Dealing with some of the points John Griffiths raised about capital use and appropriate facilities, there's been real concern between myself and the then Minister for public health, as she then was, on the way in which capital is used, but also the return that we find on that and the security of the public investment we make in facilities, to make sure that they continue to be available for that purpose as well. We've had some concerns about the way that we haven't been properly protected in the past, but I think we're in a better place now to make sure that capital is wisely invested.
I recognise the points that both you and Jenny Rathbone made about parenting and role-model behaviour on a range of fronts. What is actually encouraging between the points yourself and Jenny Rathbone made is that, on alcohol at least, we are seeing lower rates of alcohol misuse by younger people. There is still a hardened element to that, but, overall, young people are more likely not to drink or not to drink to excess. I think there is something about the understanding of why we're taking forward minimum unit pricing, because that is part of our approach. But we should not pretend that that in itself resolves all ills, because it won't. There really is something about the education and the knowledge that we equip people with to make their choices, and that gives me some encouragement about the as yet unresolved issues around substance misuse in its broader sense, and in drug use, and in particular the points that Caroline Jones made about and cannabinoid use and new psychoactive substances.
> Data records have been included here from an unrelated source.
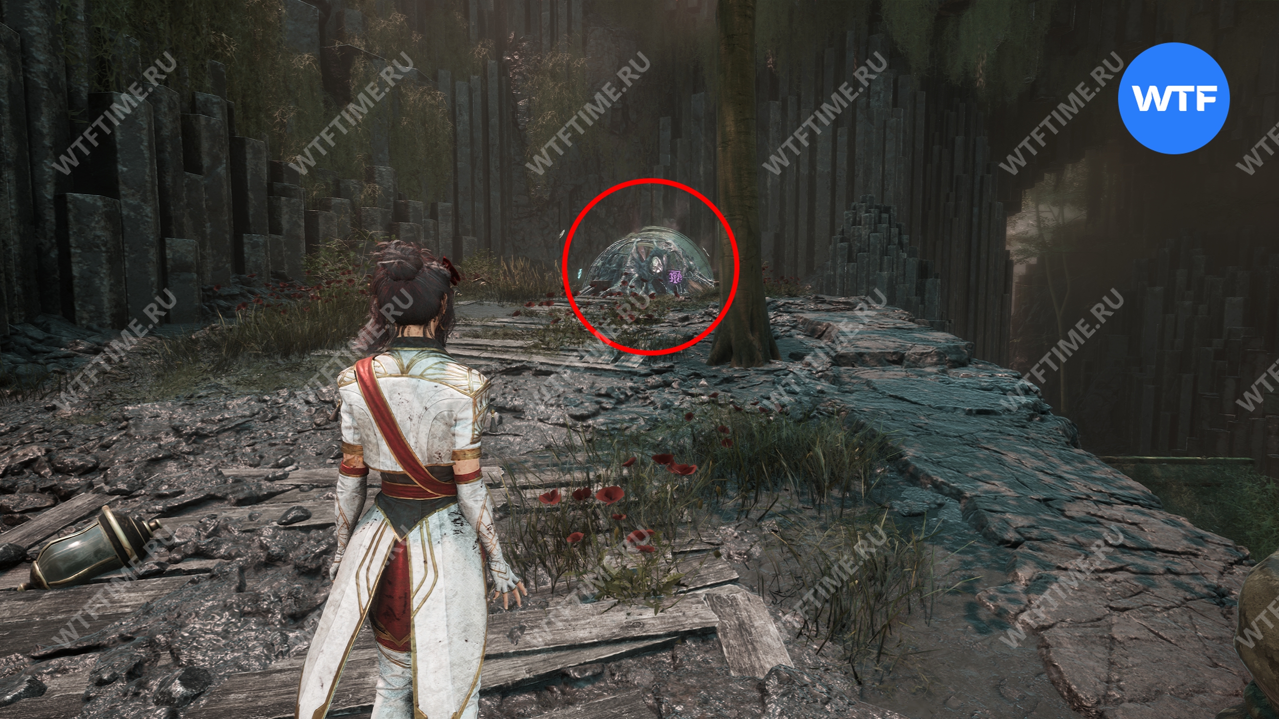 Затем поднимитесь по небольшому склону в левой части этой открытой области и найдете там еще одну красочницу.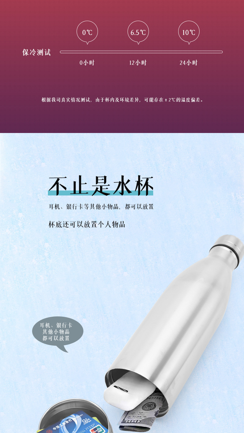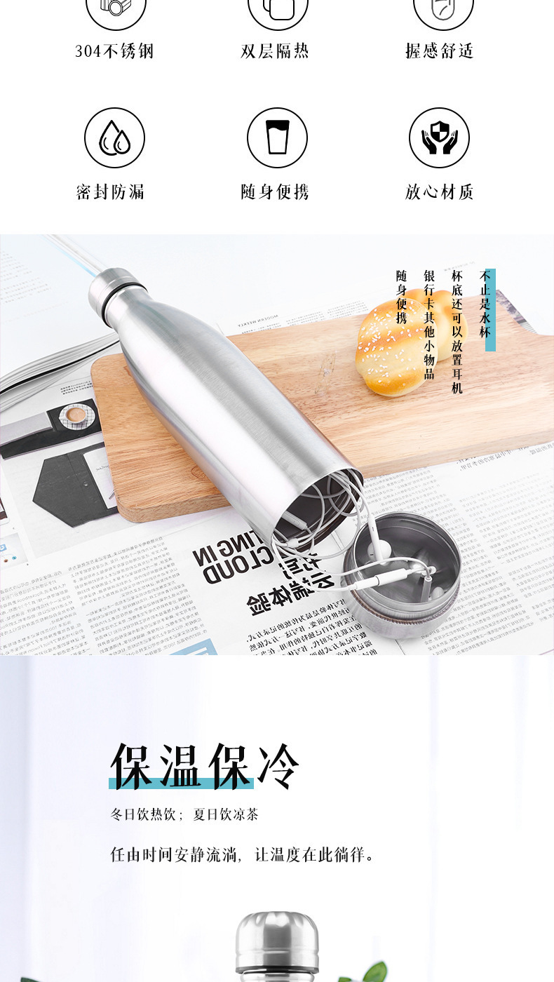 콜라 보온병 스포츠 물병 숨겨진 수납공간 304 스테인리스 스틸 바닥 탈착식 750ml 스포츠형스토어 가기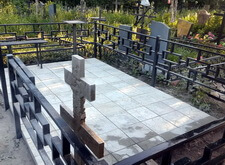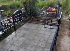 На момент нашего приезда на кладбище место захоронения выглядело откровенно заброшенным: единственным украшением участка был невысокий православный крест, остальная же территория могилы густо заросла сорняком. Заказчик пожелал установить ограду на участке, а также выложить территорию места захоронения бетонной плиткой.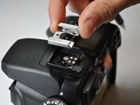 Use a metal spudger or opening tool to gently lift the hotshoe plate and slide it off.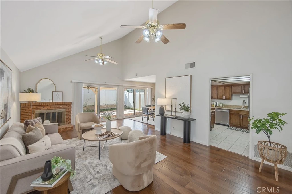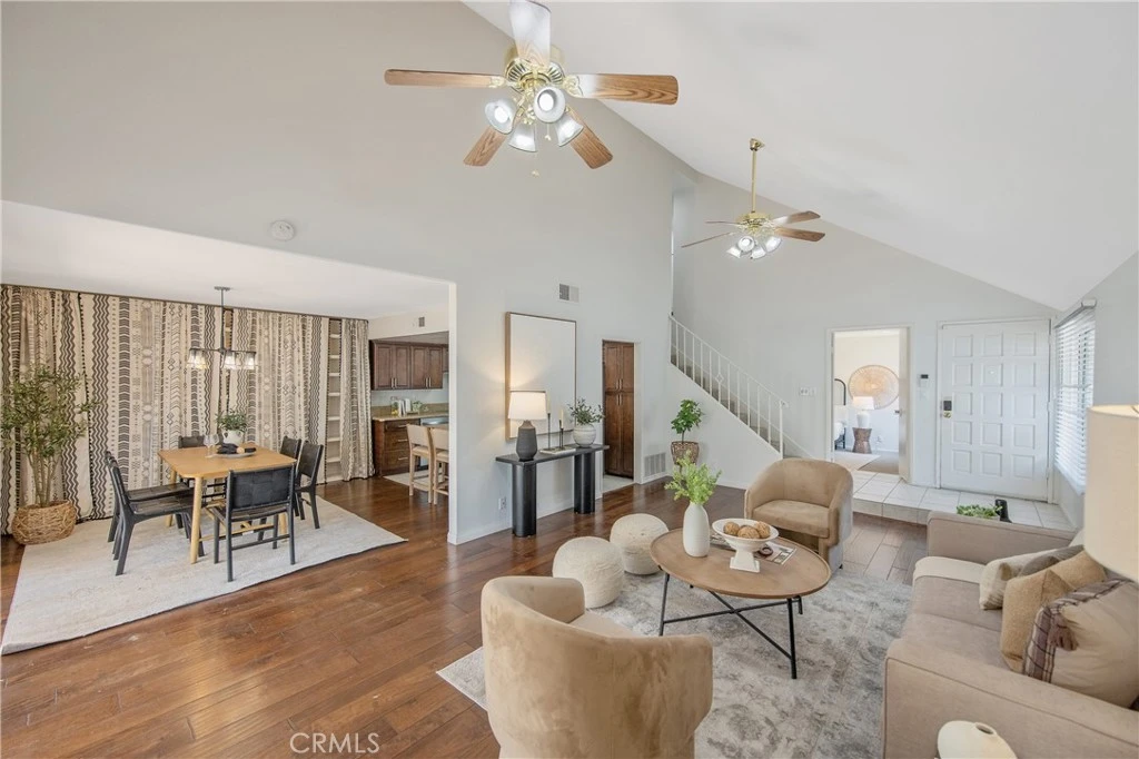 Fantastic 4 bedroom Valencia residence on a beautiful street in the Valencia Racquet Club! This beautiful home is light and bright, offering a fabulous floor plan with 4 large bedrooms, 2 baths and spacious living space! The upgraded kitchen features recessed lighting, classic dark cabinetry, sit up bar and plenty of counter space! The kitchen conveniently opens to the dining room and spacious family room! The spacious downstairs bed and bath can double as another primary bedroom or additional living space with double wardrobe doors and en suite bath. Upstairs you will find 3 spacious bedrooms and 2 full baths. The home also features a newer A/C unit! The yard is wonderful for entertaining and plenty of space for pets and children to play! This is a home to be enjoyed for years to come! Walking distance to community park, sports courts, pools, elementary and junior high schools! Low HOA and NO Mello Roos!!

There is a lack of knowledge and understanding about the dangers that those substances present to users and people around them, and it's for us to try and find a way through that to try and equip people to again make those wiser and more informed choices. Because that lies at the heart of our approach—how we equip people to make choices and how we maintain the harm-reduction approach that we have. I hope that Members will support the motion and either support the Government in its amendments or, in any event, support the final motion before us at the end of today's business.